Calibrating the Goal Post
PS: Only four out of 15 teams in the league have scored a goal today! (see the results)
After one and a half days of travelling and very little sleep, we finally made it to our hotel beds in Hefei thursday evening.
The many, many flighthours were spent with games, drinks, movies, and (of course) some programming.
There is always some bug to fix, even in the sky.
Yesterday was first day of setup; today will be second. While the teams are getting used to the artificial turf and the other conditions of the competition, it is exciting to see so much great competition. There are many robots walking and shooting on such a high level that the games are surely going to be a fascinating sight.
The FUmanoids won the Humanoid KidSize Soccer tournament of German Open 2015!
As a short reminder:
Due to the new set of rules all teams were struggling to play a decent game.
Especially the new artificial turf made walking and getting up hard as never before.
Teaching Alan how to get up.
All our work paid off in the final against Russian newcomers Team Photon from Tomsk.
Even though our first two dribblings failed right before the opponent’s goal, finally we managed to score in overtime.

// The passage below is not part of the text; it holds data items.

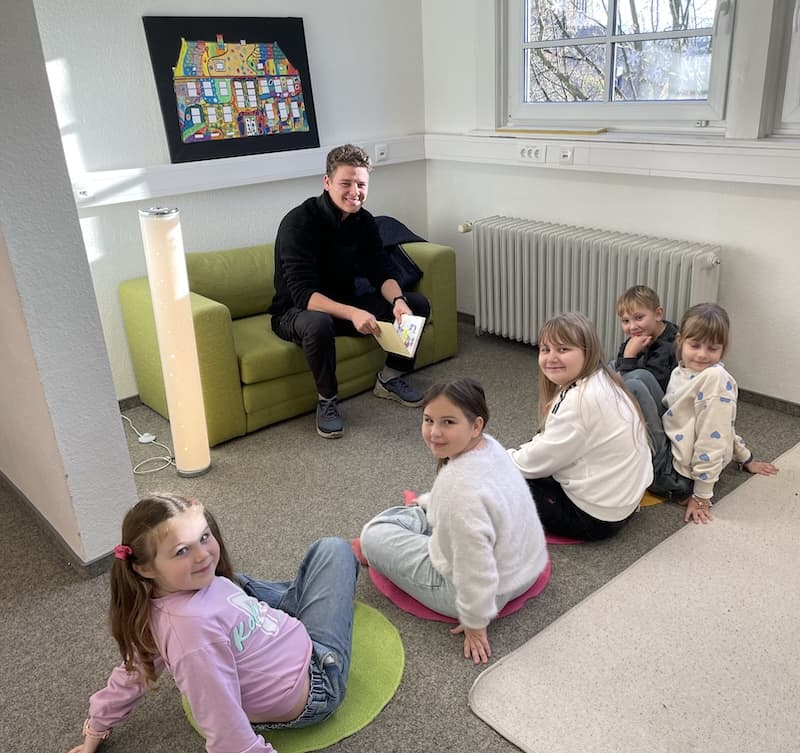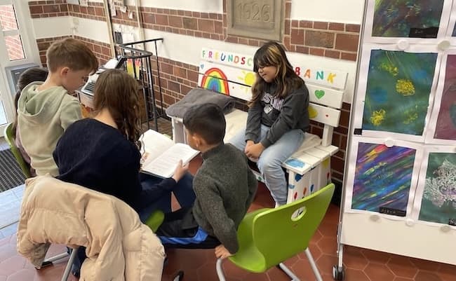 Nach einer stimmungsvollen Begrüßung in der Overberg-Turnhalle und einem ersten gegenseitigen Kennenlernen verteilen sich Vorleser und Zuhörer kleingruppenweise in allen Ecken der Schule. Man macht es sich gemütlich, kommt miteinander ins Gespräch, und natürlich wird vorgelesen. Passend zum diesjährigen Motto „Vorlesen spricht deine Sprache“ ist der Vielfalt der Geschichten keine Grenze gesetzt und es wird sogar eine ukrainische Vorlesegruppe gebildet, die die Erlebnisse von „Bobo Siebenschläfer“ in der eigenen Muttersprache verfolgt. „Ich fand es toll, dass Melvin uns auf Ukrainisch vorgelesen und uns Fragen zur Geschichte gestellt hat. Melvin war total nett, das hat Spaß gemacht!“, sagt Emiliia aus Klasse 2b mit leuchtenden Augen. Auch Karl ist begeistert: „Wir konnten zum Vorgelesenen Bewegungen mitmachen. Ferdinand hat mitgesprochen, weil er Pippi Langstrumpf auswendig kann. Ich fand das klasse.“ Den gegenseitigen Gewinn der Aktion bestätigt Marianum-Schülerin Alea: „Am Anfang war ich ganz schön aufgeregt, aber die Kinder waren sehr interessiert und wir lagen sofort auf einer Wellenlänge. Es war ein super Erlebnis!“
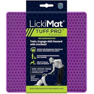 LickiMat PRO Tuff Soother for Dogs, Heavy Duty Dog Lick Mat, Calmer, Alternative to Puzzle Toys and Slow Feeder Bowls. Perfect Peanut Butter, Yoghurt, Healthy Treats Distraction. (Purple)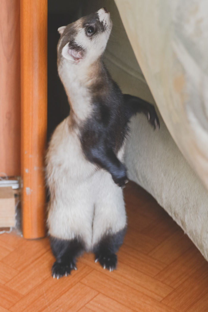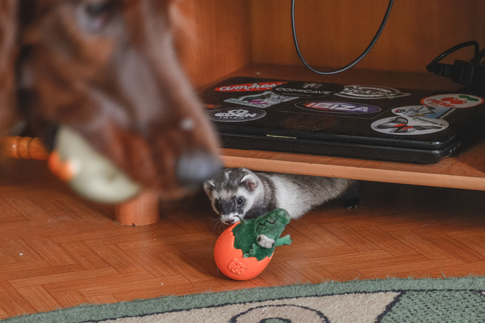 На момент ее появления в доме были два хорька - Зябуш (5 лет) и Юлик (2 года).

Have a look at the complete game here (big props to our buddies the Hamburg Bit-Bots, who streamed and uploaded all the games):
The scoring of the goal can be seen at 46:40, the dribbling towards the goal starts approximately at minute 45:00.

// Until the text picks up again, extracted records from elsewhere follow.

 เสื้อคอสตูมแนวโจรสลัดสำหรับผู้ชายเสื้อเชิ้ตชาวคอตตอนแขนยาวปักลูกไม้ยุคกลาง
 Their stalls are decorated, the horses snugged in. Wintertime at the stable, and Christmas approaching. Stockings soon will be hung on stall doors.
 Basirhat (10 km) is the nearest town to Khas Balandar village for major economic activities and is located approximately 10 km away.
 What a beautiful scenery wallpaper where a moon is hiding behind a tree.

A huge Thank You! to the organizers of the event and greetings to all the other teams who made it such great fun.
The Finalists: FUmanoids and Team Photon, Newcomer From Tomsk, Russia.
The morning saw the remaining preliminary games (two per team). After we fixed an issue in the walking code, and added a motion to roll from the front to the back to be able to always get back up, we were quite optimistic that we would score either against the Hamburg Bit-Bots or the Bold Hearts. Unfortunately this bore no fruit. Though the robots had not to be taken out as often after a fall, they still did not hold the ball for a long time.

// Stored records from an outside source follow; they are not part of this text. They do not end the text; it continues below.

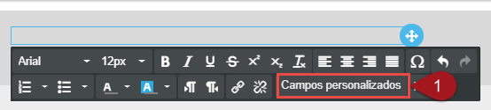 Nº1– Coloque o cursor do texto em uma parte do e-mail que permita a inserção de texto. Perceba aparece um quadro com diversas opções. Procure a opção Campos personalizados e clique sobre ela.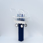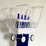 Raised on a textile mount, a white cane pram represents the maternity wards, nurses and women who have given birth at Maitland Hospital from its very beginnings to the present day. Linking the decades – the 1ate 19th century castor oil bottles and mid 20th century ½ pint milk. Bottles symbolise both motherhood and the care given in the journey from pregnancy to birth and the postnatal support mothers receive from nurses and midwives at the hospital.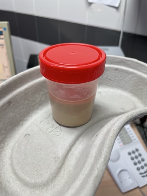 Sospechamos un prolapso uterino por los antecedentes obstétricos, pero su hija señala "no tiene útero", lo cual no constaba en la historia. Por tanto, la masa era compatible con cistocele. Se intenta reducir sin éxito debido al gran volumen, por lo que se realiza sondaje intermitente, extrayéndose material purulento.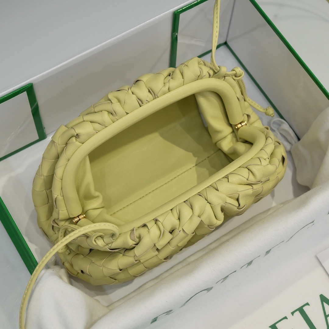 Fake BV 585852 Bottega Veneta Mini Pouch intrecciato leather clutch with strap Light Yellow on sale now, just need $288.00 and includes free worldwide shipping.

In the end, all the preliminary games ended 0:0, making it impossible to rank the teams in the group phase. The rule book has a provision for that case, saying that each team takes alternating penalty kick trials trying to score a goal. As this forbids entering the penalty area and no team is currently able to kick the ball over that distance (or at all), a new approach was decided upon. Five alternating trials would be hold, the first being a regular penalty kick, the second a modified penalty kick where the striker may enter the penalty area, the third trial would be judged based on the distance the ball is moved towards the goal, the fourth trial on the distance walked towards the goal and, if required, the fifth trial would be won by the team that walked the farthest (whatever direction).
In preparation of this phase, a check of our code revealed a nasty bug that we added yesterday. This turned out to be the reason the robot would walk away from the ball. Having fixed that, we went into the penalty trials quite optimistically. As expected, the first trial was no success as we can’t kick. However in the second trial we scored our first goal:
Before us, Photon also managed to score and so did Bold Hearts. Ranked on time, this made us first in group, followed by Photon and Bold Hearts. The fourth in the group turned out to be WF Wolves after they managed to move the ball farther towards the goal than the Hamburg Bit-Bots in the firth trial round. This meant we would be meeting WF Wolves in the semi-final.
In the semi-finals we started playing in the “bad” direction, where the grass’ “growing” direction makes it much harder to walk. This caused a lot of falls and ultimately no goal. However in the second half, playing with the grain, we finally managed to score. Our work on walking and stabilization payed out when we withstood direct contact with the large WF Wolves robot and Grace dribbled the ball close to the goal. When she lost the ball, Alan took over and finished the way into the Wolves’ goal.
In the other semi-final, Photon won against Bold Hearts by a technical goal, dribbling the ball 12cm farther under the modified penalty kick rules. We will meet Photon tomorrow in the finals.